When the bottle is frozen it shrinks as the air molecules pull toward the middle of the boodle. When the frozen tissue is in place of the top, it should maintain this vacuum. (if he coin doesnt shoot off, then the tissue dint form a good enough seal). When the bottle is then warmed the air molecules push back away from the center. This causes a change in pressure that pushes the coin away.

Experiment 10: Magic Card Trick

We actually first did this trick last spring for a local science fair. My youngest did the next two experiments as a part of his display on the awesome capabilities of air & water pressure!

Supplies

Small glass or plastic cup (it must have a rather sharp or flat rim with no bends)
Water
1 index card

Process:

1) fill the glass about 3/4 of the way full of water
2) lay the index card flat across the open end of the glass.
3) support the card with the flat of your hand as you quickly turn the cup upside down
4) remove your hand, amaze your family & friends with the fact that the card stays in place and doesn't fall!! (don't leave it too long upside down though, once the water soaks into the card enough it will destroy the seal and the water will go everywhere!)

Explanation:

The reason the card stays in place is based on 2 laws. First Newtons second law of motion: "every action has an equal and opposite reaction" and air pressure vs water pressure. (or more specifically air pressure vs the force of gravity)

Essentially the water in the cup is pushing down with the force of gravity (9.8 meters/second squared). While this force is pointing toward the ground, the air outside the cup of pushing upwards on the card. For a period of time this creates a seal between the card and the edge of the cup. Furthermore there are way more air molecules outside of the cup than there are water molecules inside the cup. This is the true reason for the 'magic'. All air molecules are trying to raise up. This means there is a pressure imbalance. It's like having a car hit a brick wall. If it is a small wall the wall will be destroyed by the car - because there are too many molecules in the car acting against the fewer molecules in the wall. But if it is a gigantic stone wall (like a concrete bridge support) then the car is the one with more damage - as there are more molecules in the wall than there are in the car.

Experiment 7: Making Rain

This experiment is fun, especially for elementary and preschoolers. We did it as a part of our study of the water cycle.

CAUTION: you must have adult supervision for this experiment as you are dealing with a stove top and boiling water. This experiment also demonstrates how temperature is one of the main factors in changing the state of matter.

Supplies:

•  one hard covered book
• stove top heating element
• one small sauce pan
• freezer
• water

Process:

1) place your hardcover book in the freezer and allow it to sit there at least over night.
2) boil a pot of water (demonstrating evaporation)
3) once you have a cloud of steam rising from the pot, hold the book at an angle in the steam, making rain! - Watch out for your fingers! Steam is very hot!!

  Explanation:

  First in changing the states of matter: This is the approach to take with older kids who may already be familiar with the water cycle. In order to change a substance to different states of matter (liquid, solid, gas) you must apply a change in temp. A solid is a substance that has the molecules tightly packed together with stong bonds, at room temperature. A liquid is one where the molecules are spread out, some have bonds to other molecules, some are free floating.
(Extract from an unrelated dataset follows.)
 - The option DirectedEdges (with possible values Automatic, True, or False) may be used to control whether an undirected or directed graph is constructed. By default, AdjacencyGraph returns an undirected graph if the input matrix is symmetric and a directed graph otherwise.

A gas is where the atoms/molecules float independantly from the other atoms, no bonds between them, rarely do they interact with the other atoms.

Water is one of the easiest to see the change in matter. If you apply heat, the liquid will evaporate, this results in steam - aka water vapor (a gas). If you apply a dramatic drop in temperature (like in a freezer) the h2o molecules will bond tightly together creating a solid (ice). Now, most children are taught these 3 states of matter at fairly young ages. But did you know there are actually 5 states of matter? The unsung heroes of matter are Plasma and the Bose-Einstein Condensiate (BEC). Plasma as a state of matter was only introduced in 1879, and the BEC was only recognized in 1995!! In a BEC the atoms are even more richly packed than in a solid. Most solids are brittle because of the way the molecules are bound (ever shattered a piece of ice?), but BEC are extremely strong, and not easy to break. A plasma is a cross between a solid and a liquid. It has properties of both.
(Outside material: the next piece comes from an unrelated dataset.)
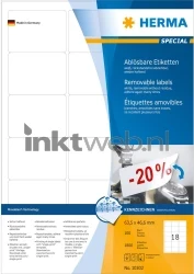 Zelfklevende etiketten op A4-vellen. Met Movables®-Technology: goed hechtend op alle gladde, droge, onbeschadigde en stofvrije oppervlakken, zonder achterblijvende resten weer te verwijderen zonder de ondergrond te beschadigen, kan probleemloos worden verwijderd en op een andere plek worden geplakt en meerdere keren worden gebruikt. Ideaal voor het tijdelijk of wisselend labelen en voor oppervlakken die niet mogen worden beschadigd. Zeer goede drukresultaten op alle laser- en inkjetprinters, kopieerapparaten, kleurenlaserprinters en kleurenkopieerapparaten. Storingvrije verwerking dankzij veiligheidsrand rondom en optimale vlakligging. Hoogwaardig speciaal papier, chloorvrij gebleekt, oplosmiddelvrije contactlijm. Etiketten zijn 100 % recyclebaar via het oud papier, verpakking van gerecycled karton. Gratis softwareoplossingen: www.herma.com/software.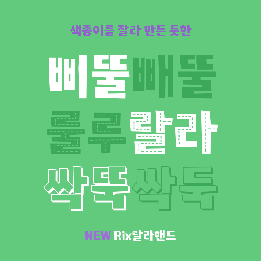 'Rix랄라핸드'는 Cutting, Stitch, Craft 3종으로 이루어진 폰트입니다. Cutting을 기본형으로, 다이어리 꾸밀 때 한 번쯤 해 보았던 드로잉(낙서) 참고하여 Stitch, Craft 효과를 만들었습니다. 형태적으로 삐뚤빼뚤, 자소 비대칭 형태가 매력적이라고 생각합니다. 효과가 들어간 Stitch, Craft 같은 경우에는 18pt이상으로 사용했을 때 디테일이 살아 더 예쁘게 사용 가능합니다. 효과와 효과를 오버랩하여 그래픽적으로 다양하게 사용할 수 있는 점이 매력포인트 같습니다.

Scientists are still hard at work on understanding matter. In fact, most scientists now refer to 'states of matter' as a Phase. For example, with water. If you start at a very low temperature you have a BEC, slowly increase the temp and youll have a solid (ice). If you slowly increase the temperature, you'll get a plasma (slushy like material, some ice, some water). Keep the temp increasing and you'll eventually get a liquid, keep the gem going and eventually you get a gas. So it is like your water has gone through different phases based on temperature. In a nutshell, matter is understood based on 2 things: temperature and the density of the molecules.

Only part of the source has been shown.